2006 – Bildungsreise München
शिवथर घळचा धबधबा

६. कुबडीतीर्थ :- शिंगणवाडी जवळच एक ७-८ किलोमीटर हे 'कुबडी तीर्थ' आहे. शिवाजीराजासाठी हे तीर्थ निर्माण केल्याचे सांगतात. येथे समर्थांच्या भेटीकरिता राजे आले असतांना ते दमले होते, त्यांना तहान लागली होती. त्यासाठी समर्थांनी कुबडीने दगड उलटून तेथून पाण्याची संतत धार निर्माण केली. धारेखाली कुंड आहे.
==
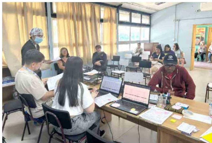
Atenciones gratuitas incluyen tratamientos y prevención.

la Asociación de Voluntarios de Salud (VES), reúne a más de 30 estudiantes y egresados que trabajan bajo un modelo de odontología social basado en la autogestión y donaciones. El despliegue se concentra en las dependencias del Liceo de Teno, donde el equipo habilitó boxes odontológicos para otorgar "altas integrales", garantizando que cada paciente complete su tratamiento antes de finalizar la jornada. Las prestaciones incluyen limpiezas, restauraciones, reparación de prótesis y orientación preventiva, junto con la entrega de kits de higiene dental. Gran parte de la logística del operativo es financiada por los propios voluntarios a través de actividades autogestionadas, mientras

▸ **Task goal**
Your answer should be the lines of the listing above between the line holding "Atenciones gratuitas incluyen" and the line holding "la Asociación de", inclusive, restated word for word and alone.

▸ **Response to this task**
Atenciones gratuitas incluyen tratamientos y prevención.

la Asociación de Voluntarios de Salud (VES), reúne a más de 30 estudiantes y egresados que trabajan bajo un modelo de odontología social basado en la autogestión y donaciones. El despliegue se concentra en las dependencias del Liceo de Teno, donde el equipo habilitó boxes odontológicos para otorgar "altas integrales", garantizando que cada paciente complete su tratamiento antes de finalizar la jornada. Las prestaciones incluyen limpiezas, restauraciones, reparación de prótesis y orientación preventiva, junto con la entrega de kits de higiene dental. Gran parte de la logística del operativo es financiada por los propios voluntarios a través de actividades autogestionadas, mientras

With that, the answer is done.